Menurut pengakuan Semsar yang dirilis Radio Nederland 2 Juli 1994, petugas militer dari satuan Kodam Jaya lah memukuli dirinya. Saat digebuki, justru pihak kepolisianlah yang berupaya melindungi Semsar. Asisten Intel Kodam Jaya kemudian menyatakan permintaan maaf atas tindakan anak buahnya kepada Semsar.
“Saya tidak menyangka, bahwa tentara akan memukuli saya dengan kejam. Saya tidak pernah takut pada tentara karena ayah saya TNI,” kata Semsar dilansir Radio Nederlandyang termuat dalam buku Bredel di Udara: Rekaman Radio ABC, BBC, DW, Nederland, VoA. “Ayah sempat mengajari saya, sebagai anak tentara tidak boleh takut memperjuangkan nasib rakyat, dan (kata dia) kau harus berani mengatakan apa yang kamu anggap benar.”
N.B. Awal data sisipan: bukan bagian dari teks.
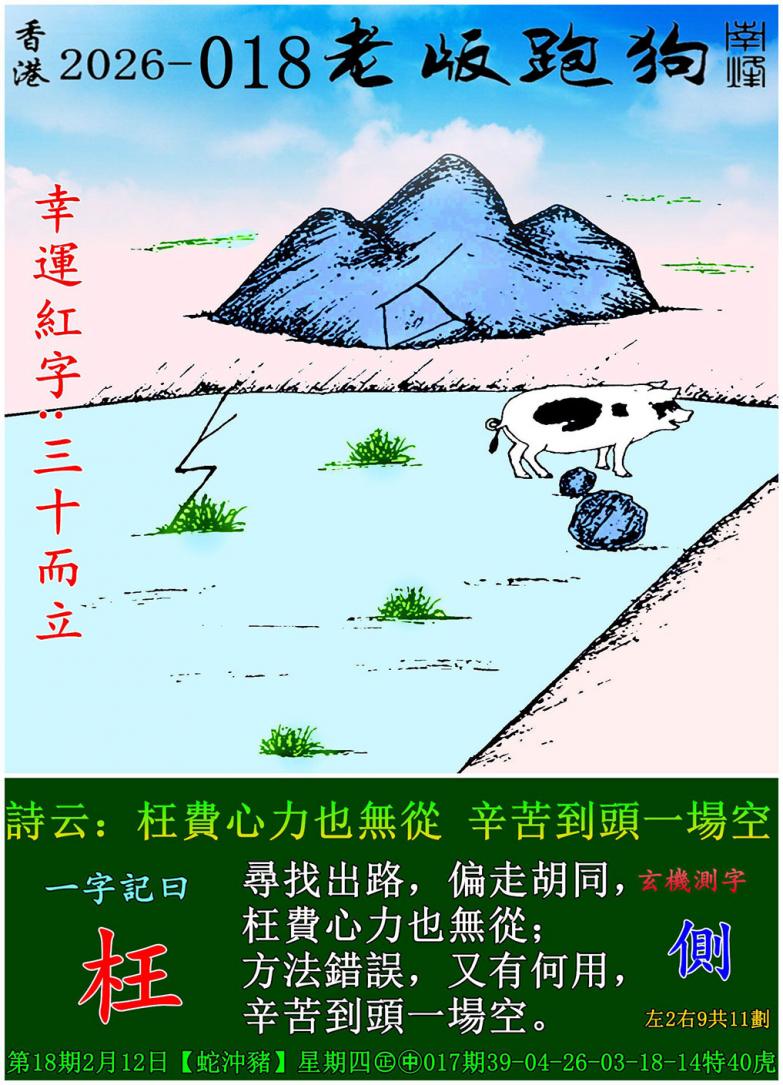 018期老版跑狗一字記之曰:【枉】 詩雲:枉費心力也無從,辛苦到頭一場空。
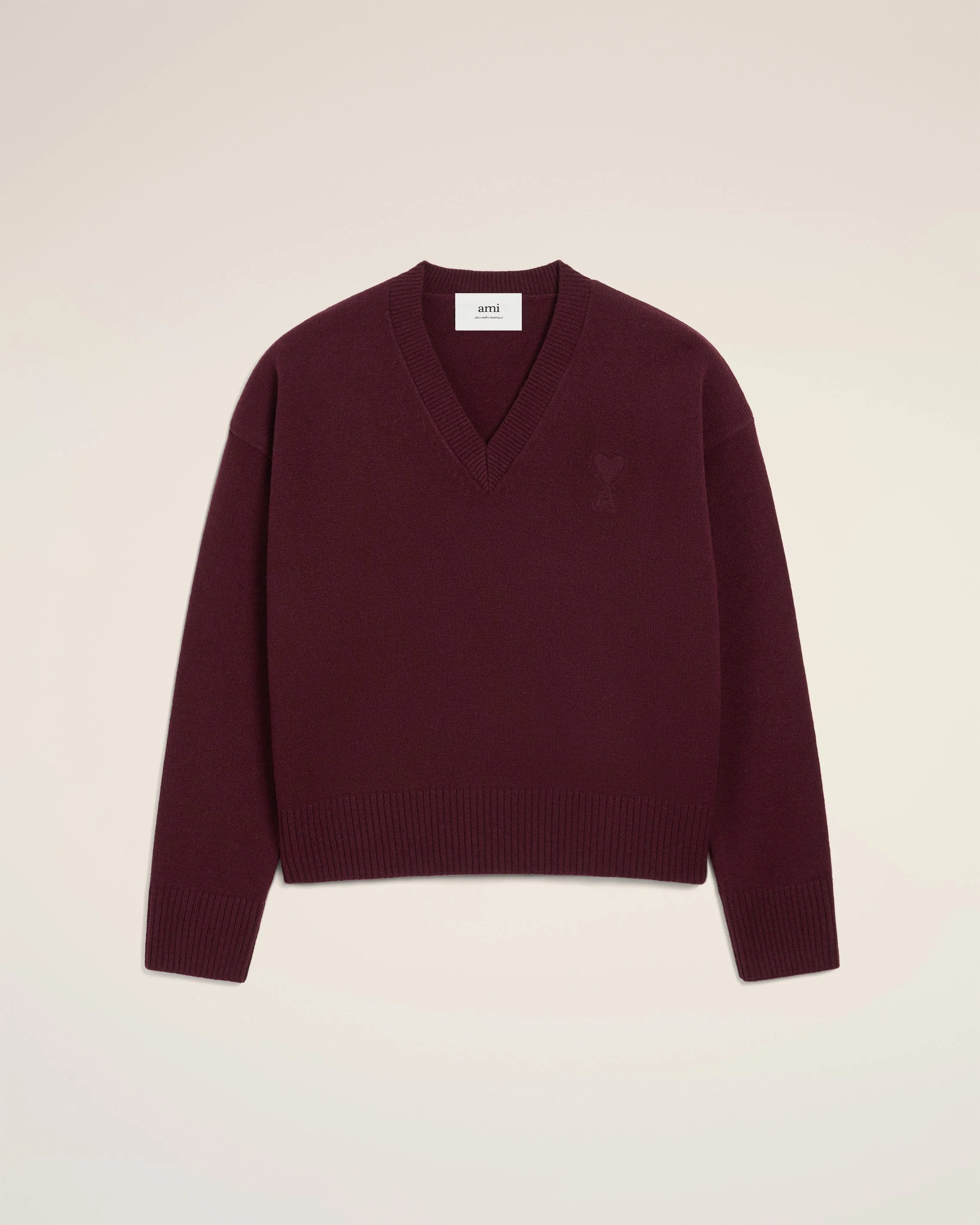 BURGUNDY WOOL AMI DE COEUR V NECK SWEATER

Namun, Semsar harus membayar mahal aksi perlawanannya atas pembereidelan majalah itu. Salah satu kakinya patah yang berujung cacat permanen. Sejak itulah, Semsar agak pincang bila melangkah.
“Lewat karya dan suaranya, Semsar adalah oposan abadi bagi rezim Orde Baru. Bahkan, sesudah Soeharto lengser pun, ia tetap diuber orang-orang misterius—membuat ia harus melarikan diri,” tulis Suhunan dalam catatan di blognya berjudul “Semsar Siahaan, Seniman aktivis yang Kesepian”. Berkat bantuan teman dan pengagum karyanya di luar negeri, Semsar bisa mendapatkan residensi di Kanada melalui jalur Singapura.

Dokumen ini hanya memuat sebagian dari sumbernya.